= Seshadri constant =

Constant in algebraic geometry

In algebraic geometry, a Seshadri constant is an invariant of an ample line bundle $L$ at a point on an algebraic variety. It was introduced by Jean-Pierre Demailly to measure a certain "rate of growth" of the tensor powers of $L$ in terms of the jets of the sections of the $L^k$. The object was the study of the Fujita conjecture. The constant's name stems from its connection to C. S. Seshadri's criterion for ampleness.

It is known that Nagata's conjecture on algebraic curves is equivalent to the assertion that for more than nine general points, the Seshadri constants of the projective plane are maximal.
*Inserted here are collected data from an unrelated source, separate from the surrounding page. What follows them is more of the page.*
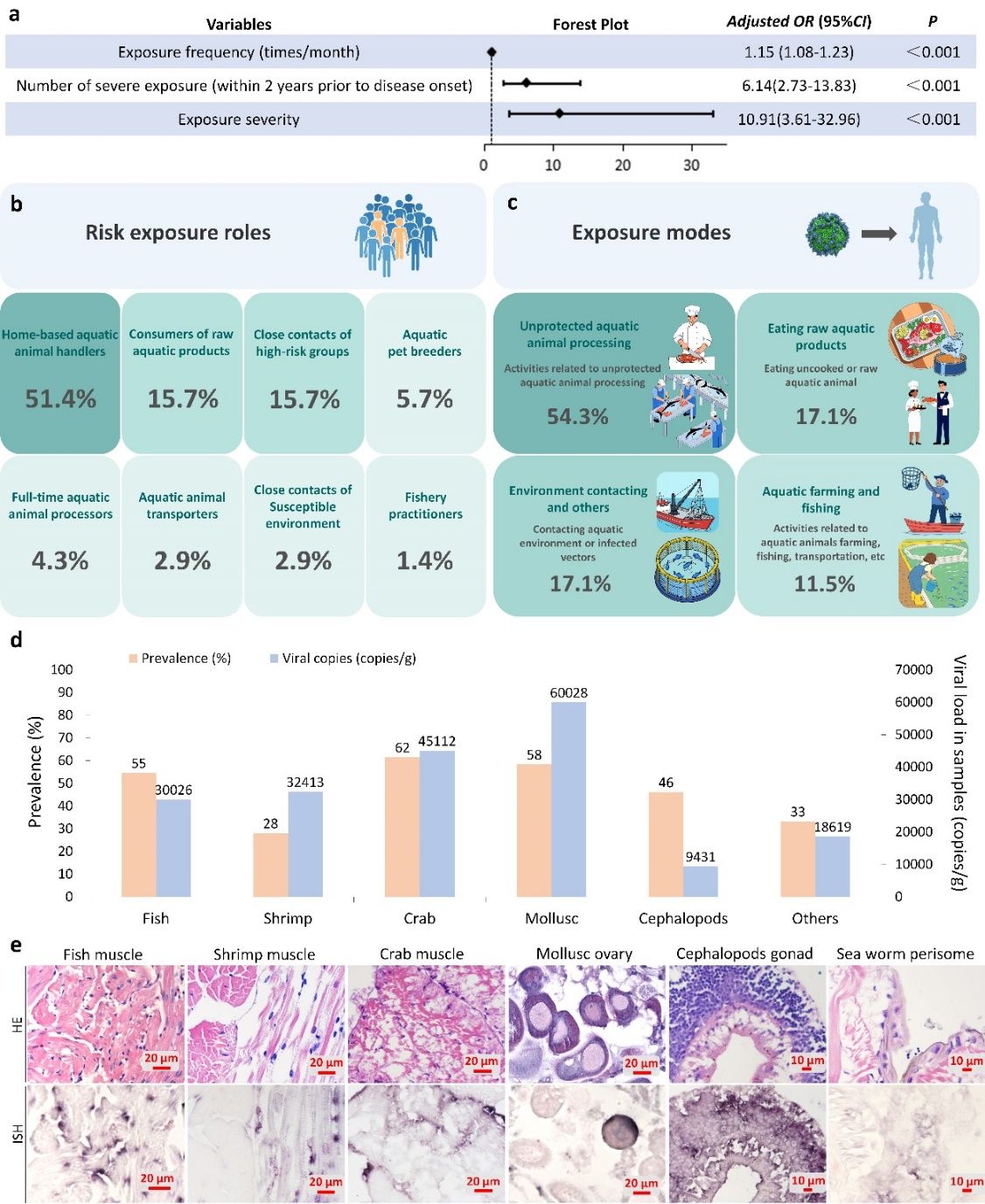 為探究病毒的傳播途徑,研究團(tuán)隊(duì)深入開(kāi)展了流行病學(xué)調(diào)查、病例對(duì)照研究及回歸模型分析。結(jié)果顯示,“無(wú)防護(hù)處理水產(chǎn)動(dòng)物”(如在宰殺、清洗過(guò)程中被刺傷)和“生食水產(chǎn)品”是兩大主要暴露途徑,占到調(diào)查病例的71.4%。調(diào)查還發(fā)現(xiàn),伴有皮膚破損的嚴(yán)重暴露是導(dǎo)致發(fā)病的獨(dú)立危險(xiǎn)因素。研究進(jìn)一步揭示,在高風(fēng)險(xiǎn)暴露后,該病的潛伏期通常在3個(gè)月以內(nèi),且感染后的病情往往更加嚴(yán)重。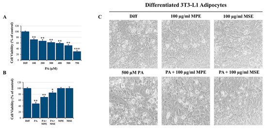 2.1. MPE and MSE Reduce PA-Induced Toxicity in 3T3-L1 Adipocytes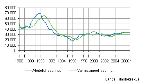 Aloitetut ja valmistuneet asunnot, liukuvat vuosisummat, kpl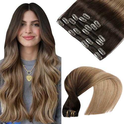 VINBAO Extensions Real Human Hair Clip in Balayage 100g 16 Inch Dark Brown To Chestnut Brown Highlight Ash Blonde Hair Extensions Clip in Real Hair 100g Double Weft (#C2/6/18,16'')
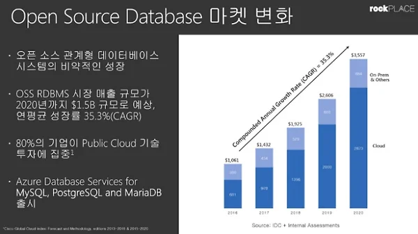 자기 것만 고집하기로 소문난 Microsoft가 “I love open source” 혹은 “I love Linux!”라는 문구를 스스럼없이 쓰고, 작년에는 천문학적인 돈을 투자해 오픈소스 커뮤니티의 상징처럼 여겨지는 GitHub (깃허브)를 인수했죠. 데이터베이스 SW 시장의 터줏대감이라는 Oracle 웹사이트에도 오픈소스 DB 이야기가 많은 부분을 차지하고 있습니다. 이 정도면, 오픈소스가 IT 역사의 한 페이지를 장식하는 큰 흐름이 되었다고 해야 할 것 같습니다. 오픈소스 전문 기업인 락플레이스의 역할이 더욱 중요해지는 시기가 오고 있는 것 같습니다. 그래서 오늘 포스트에서는 오픈소스 데이터베이스 시장의 현황을 정리해 보았습니다. 1. Opensource database, 더욱 빨라지는 성장과 시장..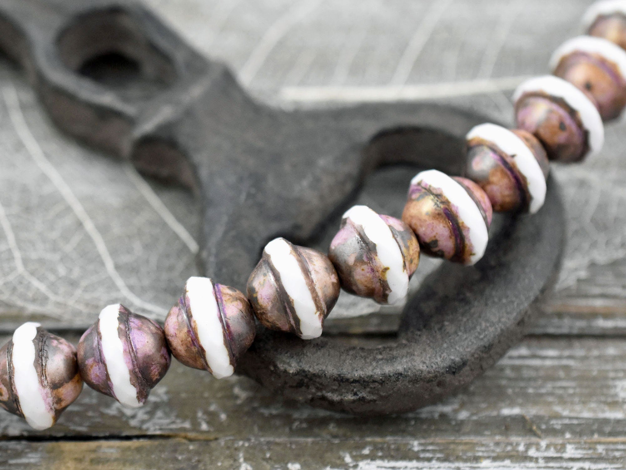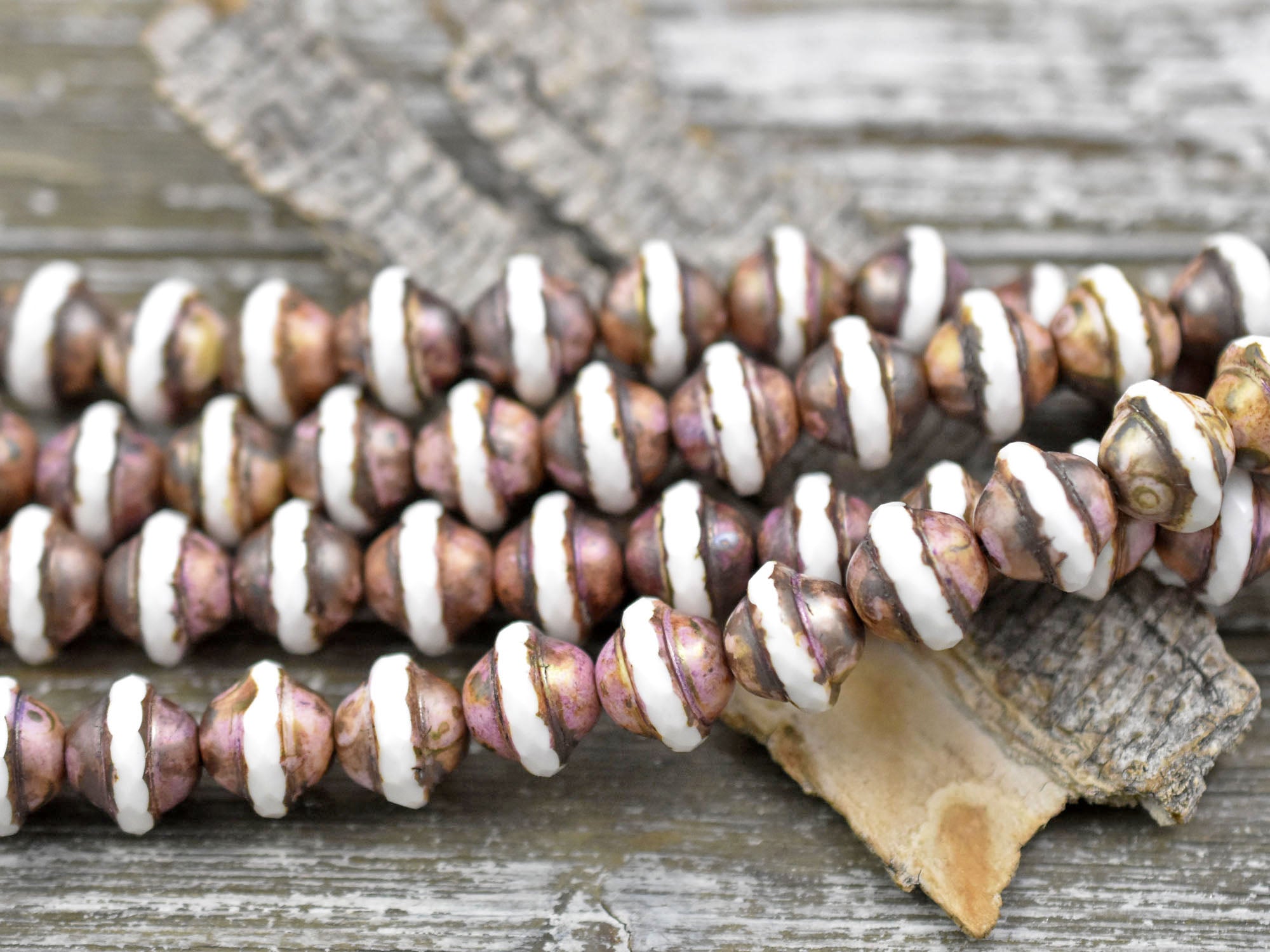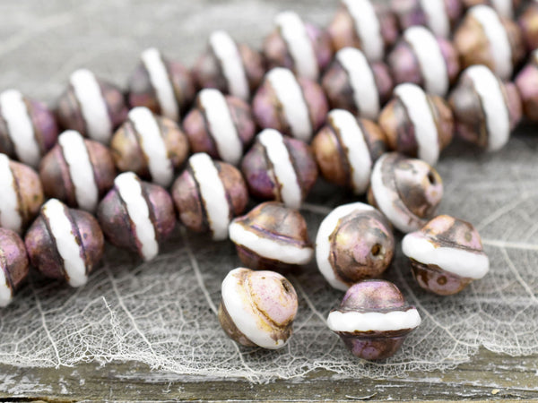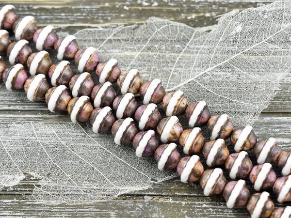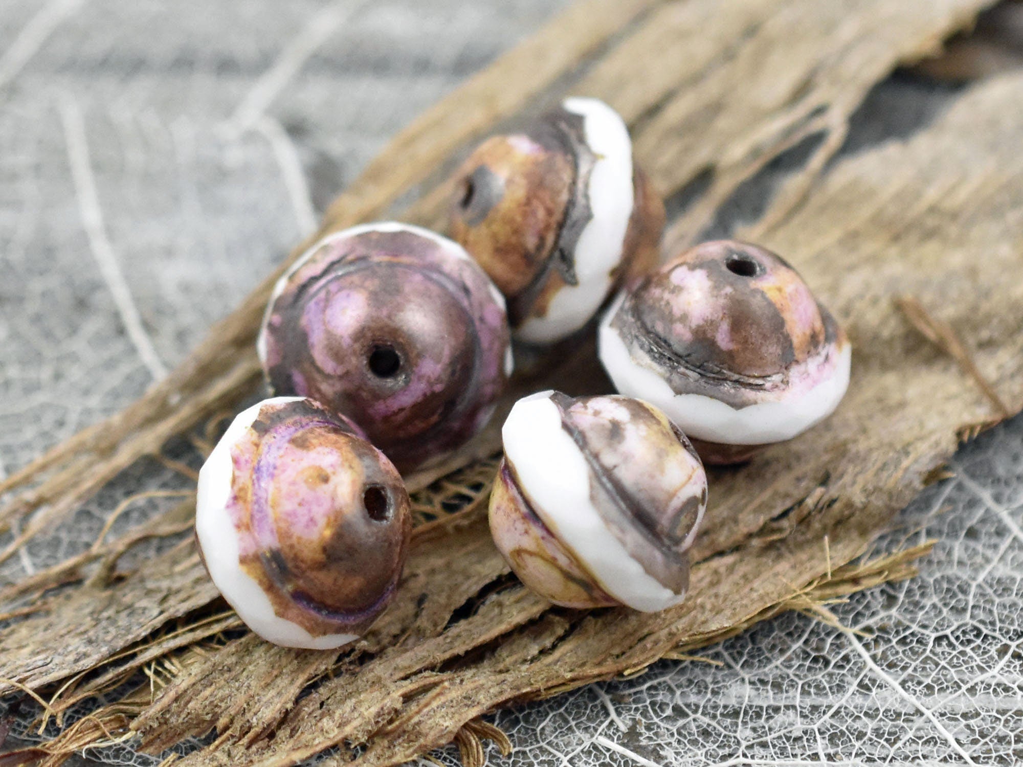 *10* 8x10mm Opaque White w/ Bronzed Pink Picasso Saturn Beads

There is a general conjecture for algebraic surfaces, the Nagata–Biran conjecture.

==Definition==
Let $X$ be a smooth projective variety, $L$ an ample line bundle on $X$, $x$ a point of $X$, and $\mathcal{C}_x$ the set of all irreducible curves passing through $x$. Define the Seshadri constant of $L$ at $x$ by
$\varepsilon(L,x) = \inf_{C \in \mathcal{C}_x} \frac{L \cdot C}{\operatorname{mult}_x(C)}$,

where $L \cdot C$ denotes the intersection number of $L$ and $C$ and $\operatorname{mult}_x(C)$ measures how many times the curve $C$ passes through $x$.

If $X$ is an abelian variety, then $\varepsilon(L,x)$ is independent of the point $x$ chosen, and we write simply $\varepsilon(L)$.